Association analysis

Estimated breeding values (EBVs) for litter size (measured as number-of-lambs-born when daughters are one year of age, i.e. EBV1) were used as phenotypes of the 378 genotyped AI rams included in the study. A linear mixed-model algorithm (GEMMA), that calculates exact values of standard test statistics, was used for the association analysis [12]. A standard relatedness matrix was estimated from SNP genotypes to account for population stratification and sample structure by this software. Only informative SNPs (> 95% data and > 1% MAF) were included in the study (n = 47 986). The significance of the associations was evaluated with likelihood-ratio test, and a conservative threshold for significance of p < 10-6 was applied using the Bonferroni correction for multiple testing, since (0.05/47986) = 1.04 × 10-6. The distribution of obtained versus expected genome-wide p-values were visualised by QQ-plots. The Manhattan plot and QQ-plots were made by a R-code provided at: http://gettinggeneticsdone.blogspot.no/2011/04/annotated-manhattan-plots-and-qq-plots.html.

PCR amplification, cloning and sequencing of GDF9

Exon 1 of ovine GDF9 was amplified by primer pairs 7916/7917, while exon 2 was amplified with primer pairs 7918/7919 and 7979/7980, respectively (Table 3). The primers were designed based on a genomic sequence that included both the GDF9 exons (GenBank: AF078545.2 ). The exon 1 fragment was directly sequenced with primers 7916/7917, while the exon 2 fragment was directly sequenced with primers 7918/7919 and 7979/7980, using the BigDye® Terminator v3.1 kit (Applied Biosystems). Genomic DNA from 7 rams with high EBVs for litter size and correspondingly 6 rams with low EBVs were amplified and sequenced.

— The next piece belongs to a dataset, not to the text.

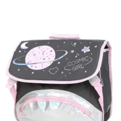 Le cartable Oberthur Cosmic Girl 38 cm met des étoiles dans les yeux des petits filles en classes de CP, CE1 et CE2 avec son design inspiré par l’univers spatial. Les fillettes qui rêvent de devenir astronautes adorent les motifs rose pâle sur fond gris qui ornent son rabat (planète, croissant de lune, étoiles et constellation en forme cœur), sa poche frontale en plastique scintillant et les paillettes qui se cachent dans ses fermoirs clips en plastique semi-transparent. Les parents de leur côté notent les atouts en matière d’ergonomie et de fonctionnalité de ce cartable très bien conçu.

Table 3 Primers used for amplification, sequencing and genotyping of the ovine GDF9 gene

Genotyping of the c.1111G>A polymorphism in ovine GDF9

The Sequenon massARRAY platform (SEQUENOM, San Diego, USA) was used for genotyping the c.1111G>A SNP according to manufacturers recommendations. Amplification primers (GDF9F and GDF9R) and the extension primer (GDF9E) are shown in Table 3. All animals included in the GWAS - study were genotyped by this assay, including those used in sequencing.

Sequence alignment

To visualise the amino acid conservation across species at the sheep GDF9 371 position we used the COBALT program available at NCBI to align the following GDF9 protein sequences: Sheep (NP_001136360.1), Cattle (NP_777106.1), Pig (NP_001001909.1), Cat (NP_001159372.1), Human (NP_005251.1), Mouse (NP_032136.2), Chicken (NP_996871.2) and Zebra fish (NP_001012383.1).

Genotype effects

All three genotypes (GG, GA and AA, respectively) were for the first time represented among the rams in 1994, and these and subsequently born rams up to 2008 (n = 319) were used to estimate the genotypic effect on EBVs. These 319 rams are a subset of the 378 rams genotyped by the 50K array. Rams born in 2009 have so far too few daughters that have lambed to be included. The following univariate linear model was applied:

EBVi kl = μ + BY k + G l + e kl
(1)

where EBVi kl = the estimated breeding value for number of lambs born of ewes at one, two and three years of age, for a ram born in year k, with genotype l; μ = overall mean of the trait; BY k = the fixed effect of the kth birth year of ram (1994-2008); G l = the fixed effect of genotype l (GG, GA and AA, respectively) and e kl is a random error term ~ N(0,  e 2), where I is the identity matrix and σ e 2 is the residual variance. The birth year effect was included to account for significant (p < 0.001) genetic change over time, caused by other genes than the SNP in question.